Dan tumbuhlah mereka—bersama-sama.
Setelah acara usai, manfaatnya tak ikut hilang. Semua materi disimpan dan dibagikan kembali, menjadi bekal bagi anggota baru dan siapa saja yang ingin mengenal budaya lain. Hubungan yang terjalin menjadi benih proyek kolaborasi selanjutnya, bahkan mentorship lintas negara. Para pemuda ini tidak hanya menjadi pelajar bahasa, tapi juga duta persahabatan dan pemimpin masa depan.
Dalam dunia yang kadang terlalu gaduh dengan perbedaan, mereka menunjukkan bahwa keragaman bukanlah hambatan, melainkan kekayaan. Dan bahasa—sekecil apa pun kata yang diucapkan—bisa menjadi jembatan yang menghubungkan hati.
Inilah semangat Youth Service yang sejati: memberi tanpa pamrih, mendengar tanpa menghakimi, dan membangun masa depan dengan tangan terbuka.
Karena saat kita belajar menyapa dalam bahasa satu sama lain, kita juga belajar menyapa dunia dengan cinta.
Building Cultures Through Language: A Story of Friendship, Understanding, and Hope
In a world that moves fast, we often forget that what truly connects us isn’t just technology or global trends—it’s something much simpler: words. A warm greeting, a shared laugh, a small phrase in someone else’s language that says, “I see you.” That’s where it all began.
On May 11, 2025, four Rotaract Clubs from four different countries came together—not just to meet, but to build a bridge between cultures through language. From Universiti Teknologi PETRONAS in Malaysia, NAUTH in Nigeria, One Million Lives Saigon in Vietnam, and Purwokerto Aksakarsa in Indonesia, they united under one powerful idea: Bridging Cultures Through Languages.
Participants didn’t just learn greetings like “Ndewo” in Igbo, “Xin chào” in Vietnamese, or “Apa kabar?” and “Selamat datang” in Bahasa Indonesia and Malay. They learned the stories behind those words—the culture, history, and way of life from places that once felt far away, but now felt familiar.
Behind the scenes, the project was built with care. The team conducted needs assessments, mapped youth interests, and ensured digital access so every voice could be heard and every face could be seen. It wasn’t just about language exchange; it was a space to share stories, showcase club initiatives, and dream up future collaborations.
One participant from Nigeria said, “I never imagined I’d be saying greetings in Vietnamese and making my friend from Saigon laugh at my accent. But that’s the beauty of it—we learned, we laughed, we grew.”
And grow, they did—together.
Even after the sessions ended, the impact lived on.

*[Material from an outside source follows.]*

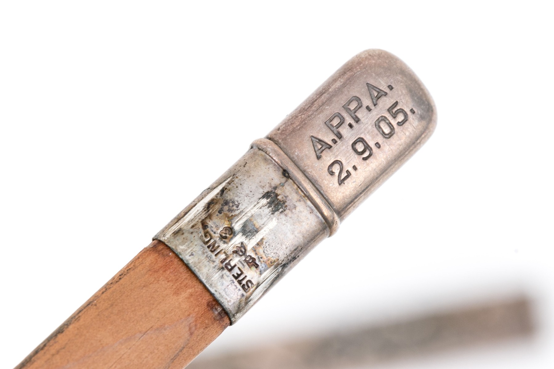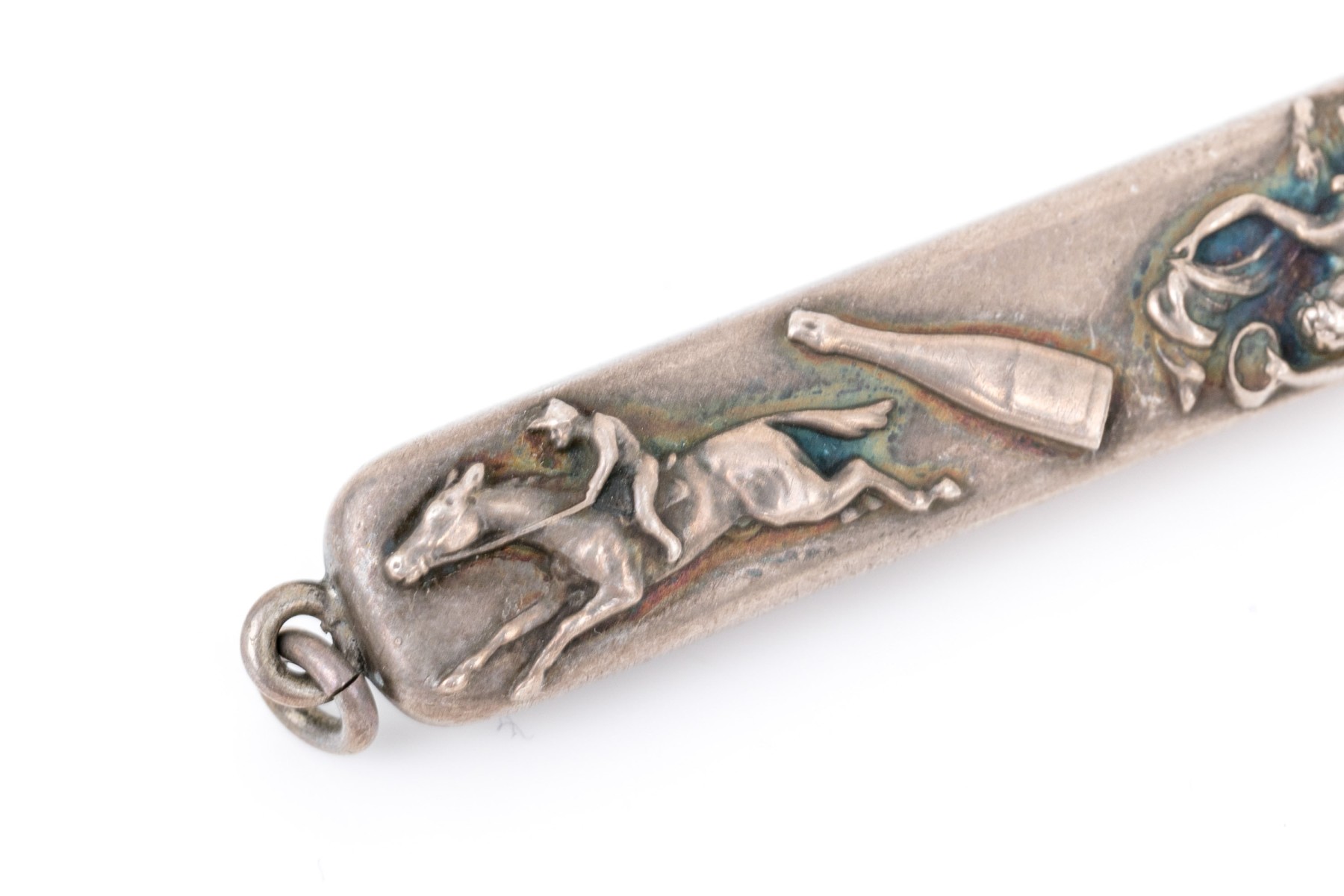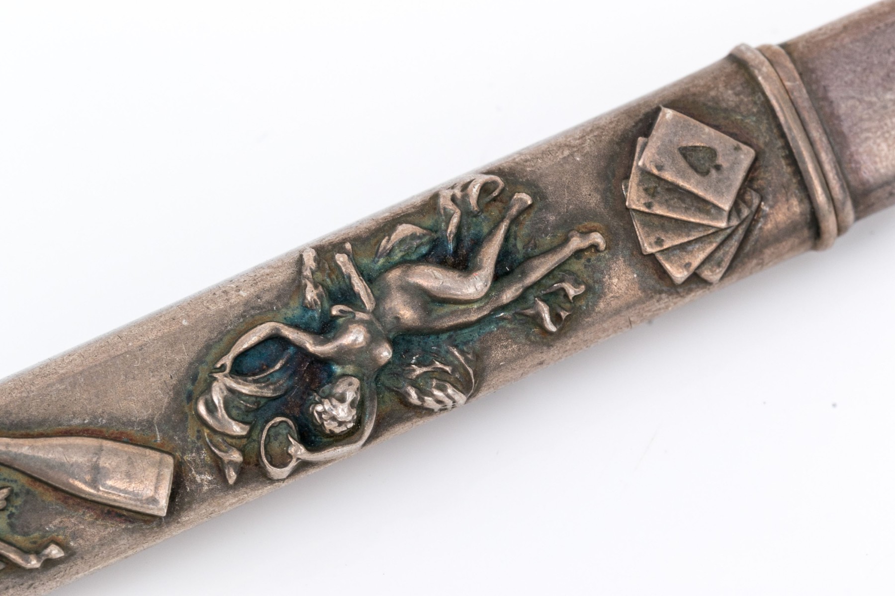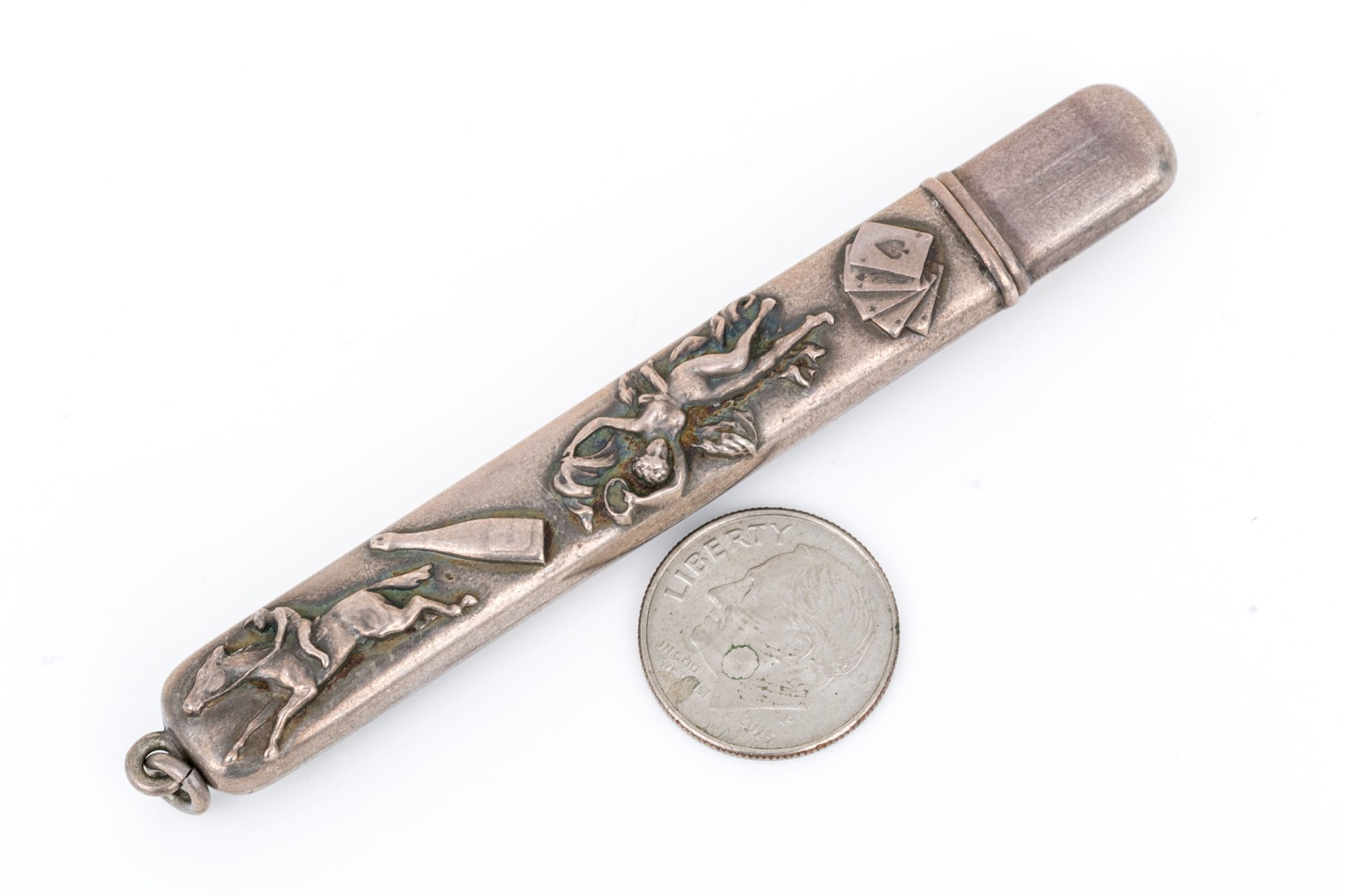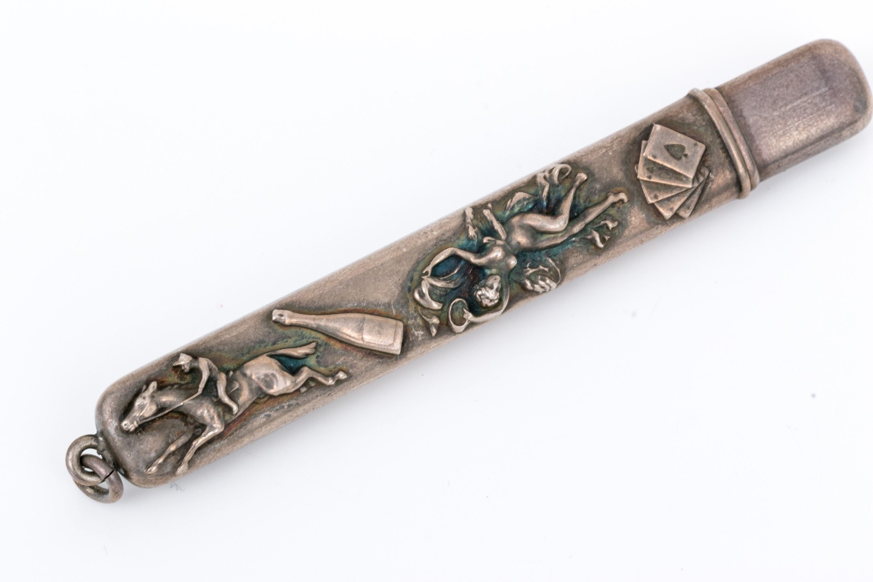 Marked A.P.P.A. and Dated 1905. A slim sterling case decorated with a raised jockey on horseback, nude female dancer figure, playing cards and a champagne bottle. The end pulls off to reveal the pencil.

The materials were shared for future learning, friendships became seeds for upcoming joint projects, and leadership roles ensured continuity through mentorship. These young people became not only learners of language but ambassadors of friendship—and leaders for tomorrow.
In a world that can be too loud with differences, they showed that diversity is not a barrier—it’s a treasure. And language, no matter how small the word, can be a bridge that connects hearts.
This is the true spirit of Youth Service: giving without expecting, listening without judging, and building the future with open hands.
Because when we learn to greet each other in one another’s language, we also learn to greet the world—with kindness.